FinGPT_Training_LoRA_with_ChatGLM2_6B_for_Beginners

FinGPT


Colab : https://colab.research.google.com/github/AI4Finance-Foundation/FinGPT/blob/master/FinGPT_Training_LoRA_with_ChatGLM2_6B_for_Beginners.ipynb


Getting Started with FinGPT

Welcome to this comprehensive guide aimed at beginners diving into the realm of Financial Large Language Models (FinLLMs) with FinGPT.

This blog post demystifies the process of training FinGPT using Low-Rank Adaptation (LoRA) with the robust base model ChatGlm2-6b.


Part 1: Preparing the Data

Data preparation is a crucial step when it comes to training Financial Large Language Models.

Here, we’ll guide you on how to get your dataset ready for FinGPT using Python.

In this section, you’ve initialized your working directory and loaded a financial sentiment dataset. Let’s break down the steps:


pip install datasets transformers torch tqdm pandas huggingface_hub
pip install sentencepiece
pip install protobuf transformers==4.30.2 cpm_kernels torch>=2.0 gradio mdtex2html sentencepiece accelerate


1.1 初始化文件夹

Initialize Directories:
This block checks if certain paths exist; if they do, it deletes them to avoid data conflicts, and then creates a new directory for the upcoming data.

如果原来这里存在文件,就删掉

import os
import shutil

jsonl_path = "../data/dataset_new.jsonl"
save_path = '../data/dataset_new'


if os.path.exists(jsonl_path):
    os.remove(jsonl_path)

if os.path.exists(save_path):
    shutil.rmtree(save_path)

directory = "../data"
if not os.path.exists(directory):
    os.makedirs(directory)


1.2 Load and Prepare Dataset:
  • Import necessary libraries from the datasets package: https://huggingface.co/docs/datasets/index
  • Load the Twitter Financial News Sentiment (TFNS) dataset and convert it to a Pandas dataframe. https://huggingface.co/datasets/zeroshot/twitter-financial-news-sentiment
  • Map numerical labels to their corresponding sentiments (negative, positive, neutral).
  • Add instruction for each data entry, which is crucial for Instruction Tuning.
  • Convert the Pandas dataframe back to a Hugging Face Dataset object.
from datasets import load_dataset
import datasets

dic = {
    0:"negative",
    1:'positive',
    2:'neutral',
}

tfns = load_dataset('zeroshot/twitter-financial-news-sentiment')
tfns = tfns['train']
tfns = tfns.to_pandas()
tfns['label'] = tfns['label'].apply(lambda x:dic[x])
tfns['instruction'] = 'What is the sentiment of this tweet? Please choose an answer from {negative/neutral/positive}.'
tfns.columns = ['input', 'output', 'instruction']
tfns = datasets.Dataset.from_pandas(tfns)
tfns


1.3 Concatenate and Shuffle Dataset

tmp_dataset = datasets.concatenate_datasets([tfns]*2)
train_dataset = tmp_dataset
print(tmp_dataset.num_rows)

all_dataset = train_dataset.shuffle(seed = 42)
all_dataset.shape

Now that your training data is loaded and prepared.

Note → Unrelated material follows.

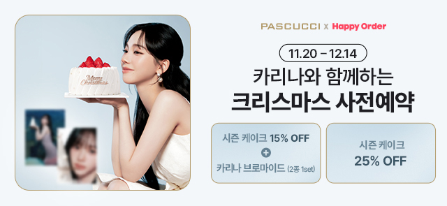 🎂 파스쿠찌가 오는 14일(일)까지 크리스마스 케이크 사전예약을 진행하고 15% 할인 + 카리나 브로마이드 2종, 또는 25% 할인 혜택을 제공해요.
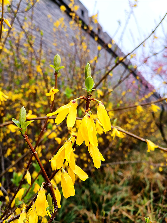 春雨細(xì)如絲,如絲霡霂時。近日,我市下了一場春雨,雖然因?yàn)橛晁o人以乍暖還寒之感,但被春風(fēng)喚醒、被春雨潤澤的各種花兒們,比如梅花、李花、迎春花等,卻爭相綻放,花色更濃。

Part 2: Dataset Formatting and Tokenization

Once your data is prepared, the next steps involve formatting the dataset for model ingestion and tokenizing the input data.
Below, we provide a step-by-step breakdown of the code snippets shared.


2.1 Dataset Formatting:

You need to structure your data in a specific format that aligns with the training process.

import json
from tqdm.notebook import tqdm


def format_example(example: dict) -> dict:
    context = f"Instruction: {example['instruction']}\n"
    if example.get("input"):
        context += f"Input: {example['input']}\n"
    context += "Answer: "
    target = example["output"]
    return {"context": context, "target": target}


data_list = []
for item in all_dataset.to_pandas().itertuples():
    tmp = {}
    tmp["instruction"] = item.instruction
    tmp["input"] = item.input
    tmp["output"] = item.output
    data_list.append(tmp)


# save to a jsonl file
with open("../data/dataset_new.jsonl", 'w') as f:
    for example in tqdm(data_list, desc="formatting.."):
        f.write(json.dumps(format_example(example)) + '\n')

2.2 Tokenization

Tokenization is the process of converting input text into tokens that can be fed into the model.

import datasets
from transformers import AutoTokenizer, AutoConfig

model_name = "THUDM/chatglm2-6b"
jsonl_path = "../data/dataset_new.jsonl"  # updated path
save_path = '../data/dataset_new'  # updated path
max_seq_length = 512
skip_overlength = True


The preprocess function tokenizes the prompt and target, combines them into input IDs, and then trims or pads the sequence to the maximum sequence length.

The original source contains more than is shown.